For variable selection, we have to construct a variable importance (VIMP) measurement based on a loss function. For classification problems, measures of performance used are the misclassification error or the Brier score [34‐36]. For the latter, we have $L(Y,\hat{p})=(1/K)\sum _{k=1}^K\left( \mathbb {1}_{\{Y=k\}}-\hat{p}_k\right) ^2$. To measure VIMP, we grow each tree using a bootstrap sample of the original data and the previously mentioned OOB data is used to calculate the loss function under the original OOB data and the permuted OOB data. Let $\mathcal {L}^{\text {OOB}}$ be the OOB data and let $\hat{p}_k(\tilde{{{\textbf {x}}}}^{(ij)})$ be the estimator for permuted ${{\textbf {x}}}$ where the relationship of $X_i$ and $X_j$ is swapped in all the rank-based trees, which can be achieved by permuting the ith and jth columns in $\mathcal {L}^{\text {OOB}}$. The VIMP for gene pairs $X_i$ and $X_j$ is defined as

$$\begin{aligned} I(X_i,X_j)=\frac{\sum _{s \in \mathcal {L}^{\text {OOB}}}L[y_s,\hat{p}({{\textbf {x}}}_s)]}{|\mathcal {L}^{\text {OOB}}|}-\frac{\sum _{s \in \mathcal {L}^{\text {OOB}}}L[y_s,\hat{p}_k(\tilde{{{\textbf {x}}}}_s^{(ij)})]}{|\mathcal {L}^{\text {OOB}}|}. \end{aligned}$$

(7)

Utilizing VIMP, the two-step ensemble algorithm is described in Algorithm 2.
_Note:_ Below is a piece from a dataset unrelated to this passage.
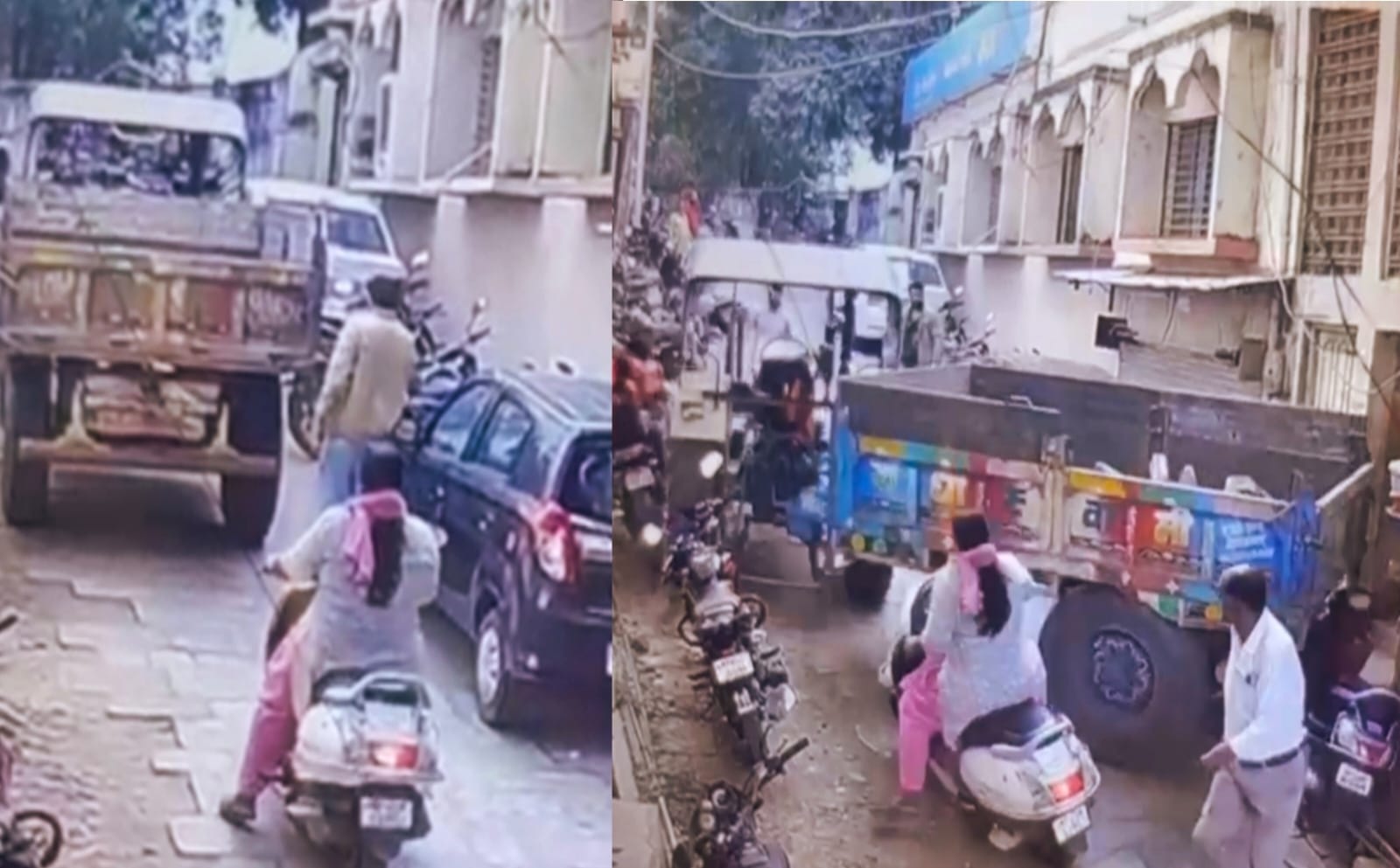 घटना के समय राजवाड़ा परिसर मार्ग पर एक ट्रैक्टर ट्रॉली सहित स्टार्ट हालत में खड़ा था। संकरे रास्ते पर दोपहिया वाहन चालक रुक-रुककर निकलने का प्रयास कर रहे थे, जिससे यातायात पहले से ही अव्यवस्थित था। इसी दौरान एक महिला स्कूटी से वहां पहुंची और आगे निकलने के लिए इंतजार करने लगी।

Gene expression data and evaluation methods

In the next section, we evaluate the effectiveness of our ensemble methods of rank-based trees, as depicted in Fig. 1D, on gene expression datasets of both binary and multi-class outcomes. In this regard, we gathered 12 publicly accessible gene expression datasets, with sample sizes ranging from 22 to 587 and numbers of genes ranging from 85 to 2526. Table 1 summarizes these datasets, which are all related to studies of human cancer, including liver, central nervous system, brain, prostate, lymphoma, breast, small round blue cell tumors, leukemia, lung and bladder. Further information can be obtained by referring to the relevant publications. The last dataset studies the classification of triple negative breast cancer (TNBC) with four subtypes [37], including two basal-like (BL1 and BL2) subtypes, a mesenchymal (M) subtype, and a luminal androgen receptor (LAR) subtype. To evaluate the prediction performance of our methods in cross-platform scenarios, we also downloaded the TNBC datasets generated from RNA sequencing in [38] with a sample size of 26; in [39] with a sample size of 475; and in the Cancer Genome Atlas database [40] with a sample size of 136. The dataset in [37] was generated from the Affymetrix (Affy) GeneChip microarray; therefore, our training dataset and test dataset are from different platforms.

Table 1

Binary and multi-class datasets of gene expression profiles for cancer discrimination

Datasets^a	Platform	$N$^b	$P$ ^b	$K$ ^b	Class sample size	References
Liver	cDNA	180	85	2	HCC/liver = 104/76	[41]
CNS	Affy	34	857	2	CMD/DMD = 25/9	[42]
Glioblastoma	Affy	22	1152	2	CO/NO = 7/15	[43]
Prostate	Affy	77	339	2	PR/N = 58/19	[44]
NHL	cDNA	42	1095	2	DLBCL$_1$/DLBCL$_2$ = 21/21	[45]
Breast	Affy	49	1198	2	ER+/ER− = 25/24	[46]
SRBCTs	cDNA	83	1069	4	BL/EWS/NB/RMS = 29/11/18/25	[47]
Leukemia	Affy	72	2194	3	MLL/ALL/AML = 24/20/28	[48]
Lung	Affy	203	1543	5	ADE/SQU/SCC/NO = 139/17/6/21/20	[49]
Bladder	Affy	40	1203	3	C1/C2/NO = 9/20/11	[50]
ALL	Affy	248	2526	6	TALL/E2A/BCR/TEL/MLL/NO = 15/27/64/20/79/43	[51]
TNBC	Affy & RNAseq^c	375	2188	4	BL1/BL2/M/LAR = 125/80/67/103	[37]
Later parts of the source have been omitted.